The operation of the comparator 24a will now be described in detail. During
a frame period following a frame period in which the display panel 11 is
driven by a positive level of the picture element voltage Vp with respect
to the common voltage Vcom, the capacitor 24b is charged the picture
element voltage Vpb for displaying black or Vpw for displaying white with
a positive level. At this moment, the control circuit 14 outputs a low
level of the reverse signal Srv, whereby the comparator 24a is supplied
the first reference voltage Vref1 from the first reference voltage source
24e through the switch 24g. If the picture element voltage Vp charged in
the capacitor 24b is higher than the first reference voltage Vref1, the
comparator 24a determines that the voltage Vp charged in the capacitor 24b
is the voltage Vpb for displaying black, and outputs the appropriate
re-writing voltage Vb- for displaying black with a negative level.
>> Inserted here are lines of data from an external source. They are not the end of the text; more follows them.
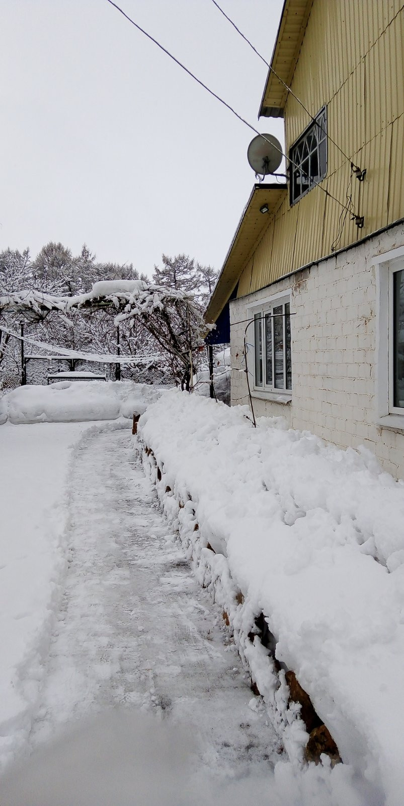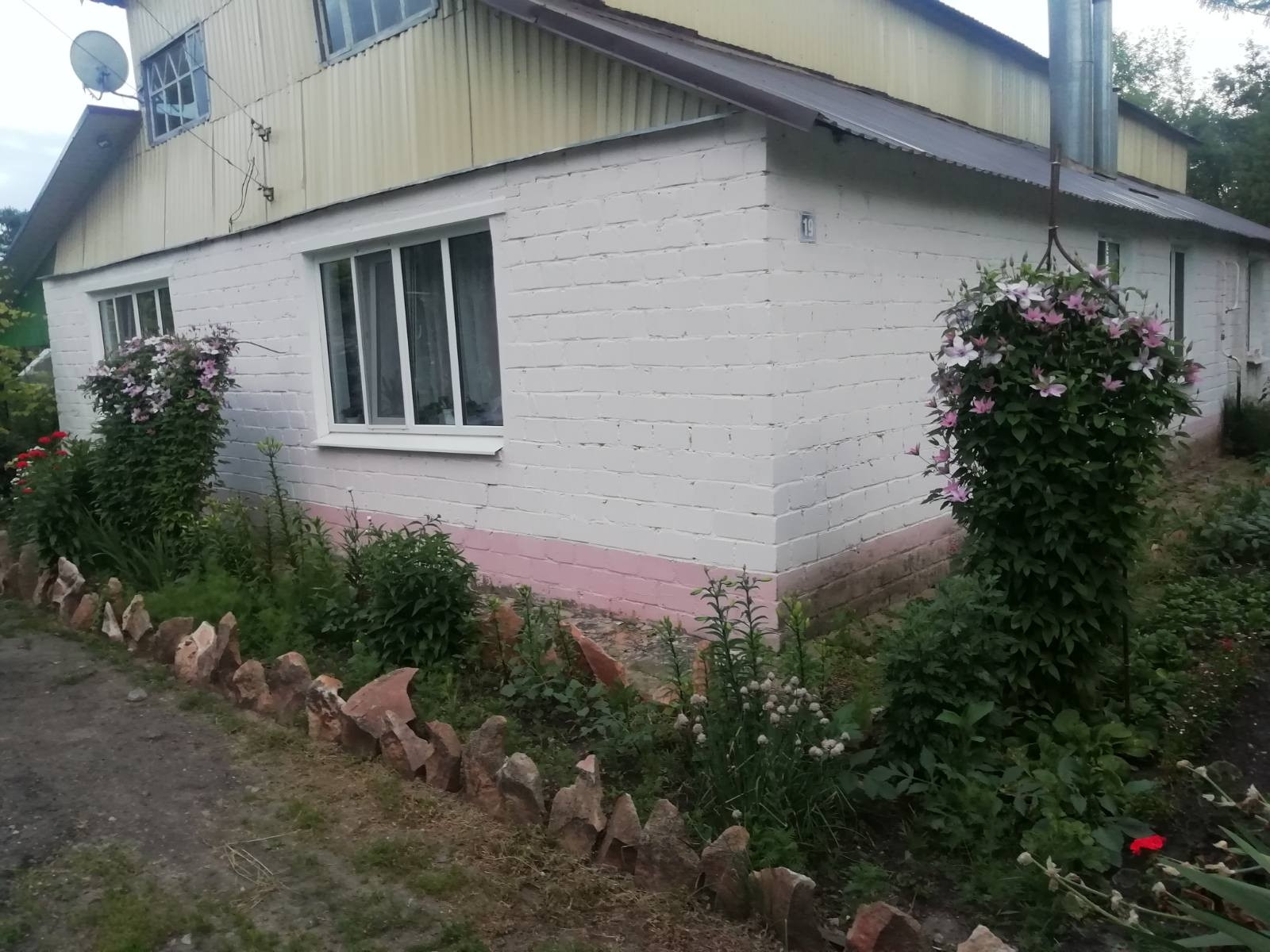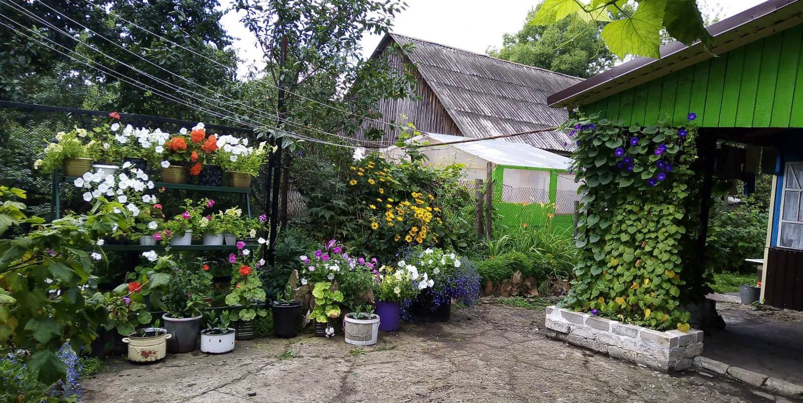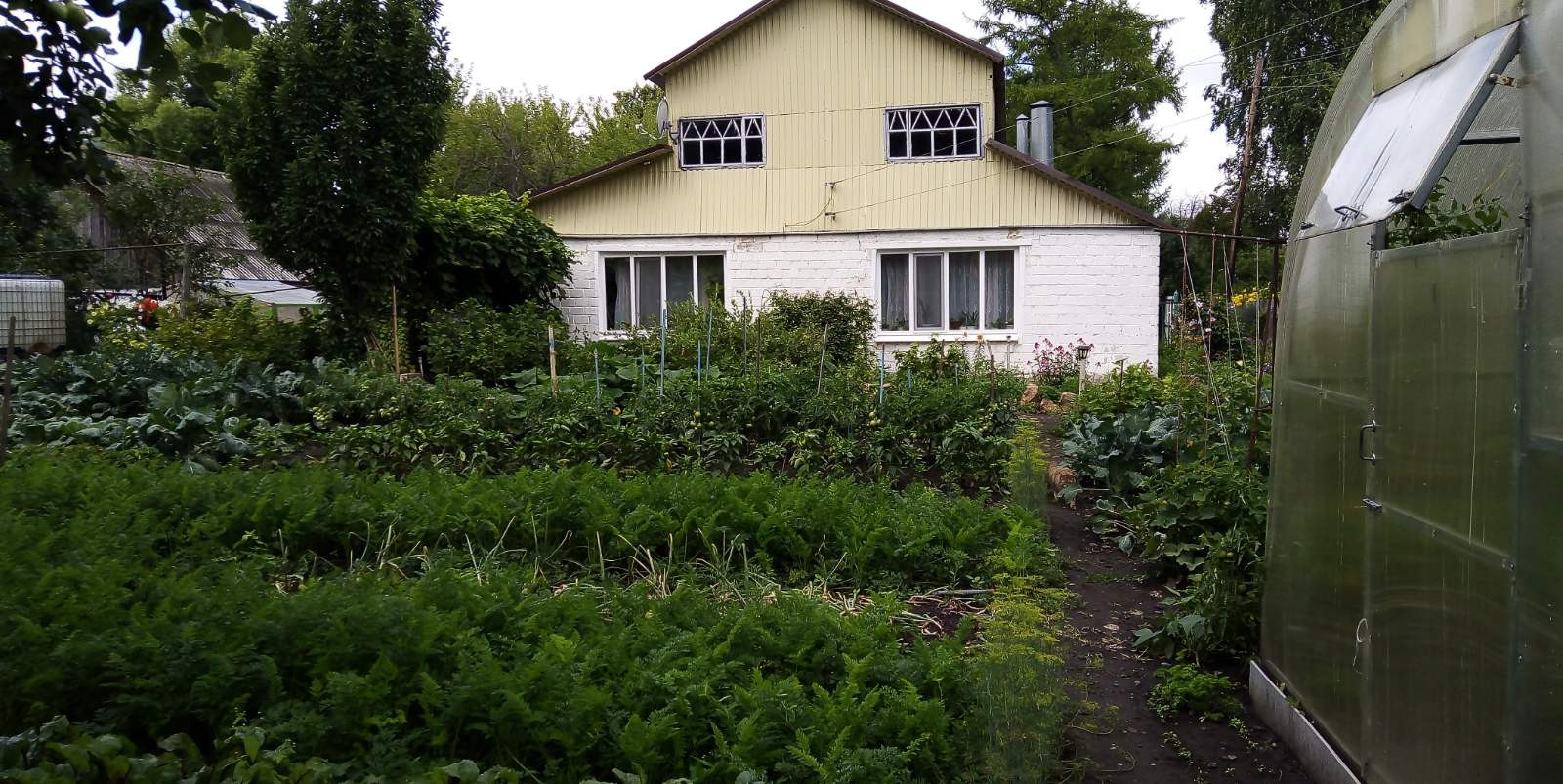 Каркасно щитовой, обложен кирпичем... Квартира в двухквартирном доме, с отдельным входом и раздельными участками, есть подвал и хоз постройки-курчтник, хлев, сеновал.... Плодовые деревья, цветы, кустарники, виноград... Частично с мебелью.... Окна пластиковые, санузел раздельный, кровля крашеный металлопрофиль.есть теплица
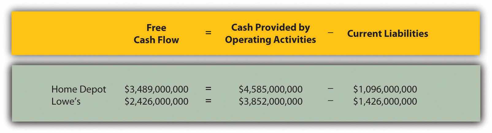 The free cash flow amount is calculated for Home Depot and Lowe’s as follows using information from each company’s statement of cash flows.
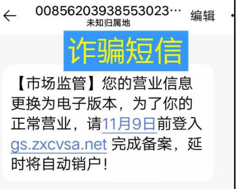 “您的执照显示状态异常,请于XX月XX日前进入XX网站自助更新,延时将收到处罚。”
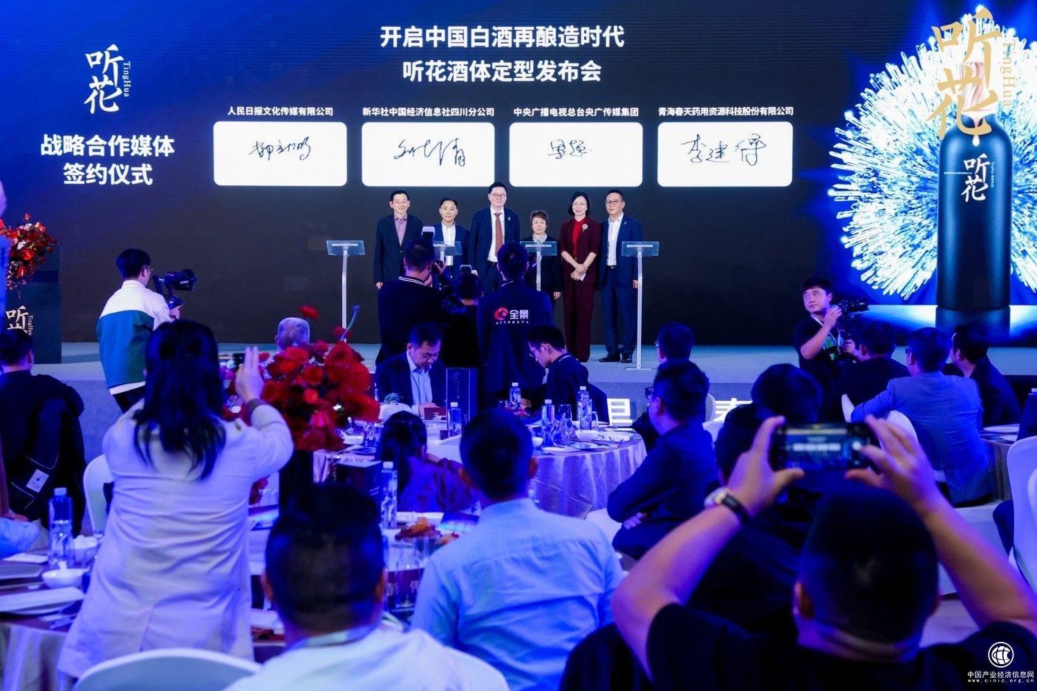 发布会上,人民日报社、新华社、中央广播电视总台、红星新闻、封面新闻、每日经济新闻等45家媒体机构代表,来自北京、山东、广州、浙江的听花酒合作伙伴,齐聚成都兴隆湖畔,共同见证了“白酒新贵”听花的响亮宣言:为了人们生活更美好,开启中国白酒再酿造时代。
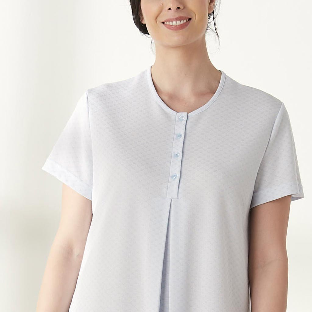 Camisón de manga corta para mujer, de patrón largo con cuello de botones y pliegue para mayor amplitud, de la marca Belty.
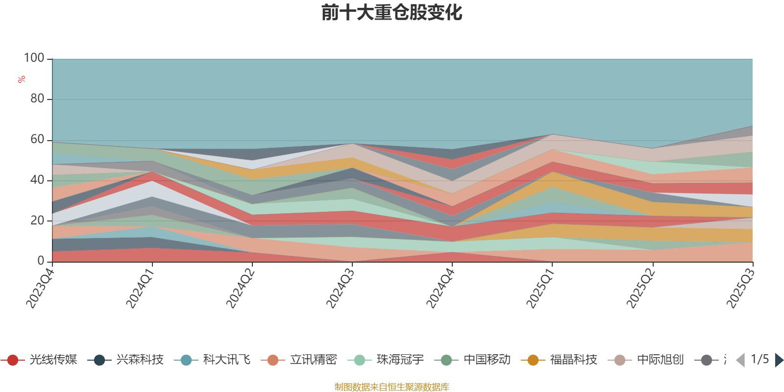 基金管理人在三季报中表示,本基金 2025 年三季度重点配置在电子、通信、传媒、计算机和智能汽车方向。

Conversely, if the picture element voltage Vp charged in the capacitor 24b
is lower than the first reference voltage Vref1, the comparator 24a
determines that the voltage Vp charged in the capacitor 24b is the voltage
Vpw for displaying white, and outputs the appropriate re-writing voltage
Vw- for displaying white with a negative level. Regarding a frame period
in which the display panel 11 is driven by a positive level of the picture
element voltage Vp with respect to the common voltage Vcom, the capacitor
24b is charged the picture element voltage Vpb for displaying black or Vpw
for displaying white with a negative level. At this moment, the control
circuit 14 outputs a high level of the reverse signal Srv, whereby the
comparator 24a is supplied the second reference voltage Vref2 from the
second reference voltage source 24d through the switch 24f. If the picture
element voltage Vp charged in the capacitor 24b is lower than the second
reference voltage Vref2, the comparator 24a determines that the voltage Vp
charged in the capacitor 24b is the voltage Vpb for displaying black, and
outputs the appropriate re-writing voltage Vb+ for displaying black with
positive level. Conversely, if the picture element voltage Vp charged in
the capacitor 24b is higher than the second reference voltage Vref1, the
comparator 24a determines that the voltage Vp charged in the capacitor 24b
is the voltage Vpw for displaying white, and outputs the re-writing
voltage Vw+ which has an appropriate voltage for displaying white with a
positive level.
During the latter half period of the period in which the gate driver
circuit 12 supplies the gate voltage Vg to the gate line 17, the control
circuit 14 outputs a high level of the writing signal Swr and a low level
of the reading signal Srd. Therefore, the rewriting switches 25 are turned
on and the reading switches 23 are turned off. The re-writing voltage
Vrb+, Vrb-, Vrw+ or Vrw- output from the comparator 24a is provided to the
picture element electrode 11F. In the operation set forth above, the
display panel 11 displays the still image based on the picture element
voltage Vp the polarity of which is inverted in each frame.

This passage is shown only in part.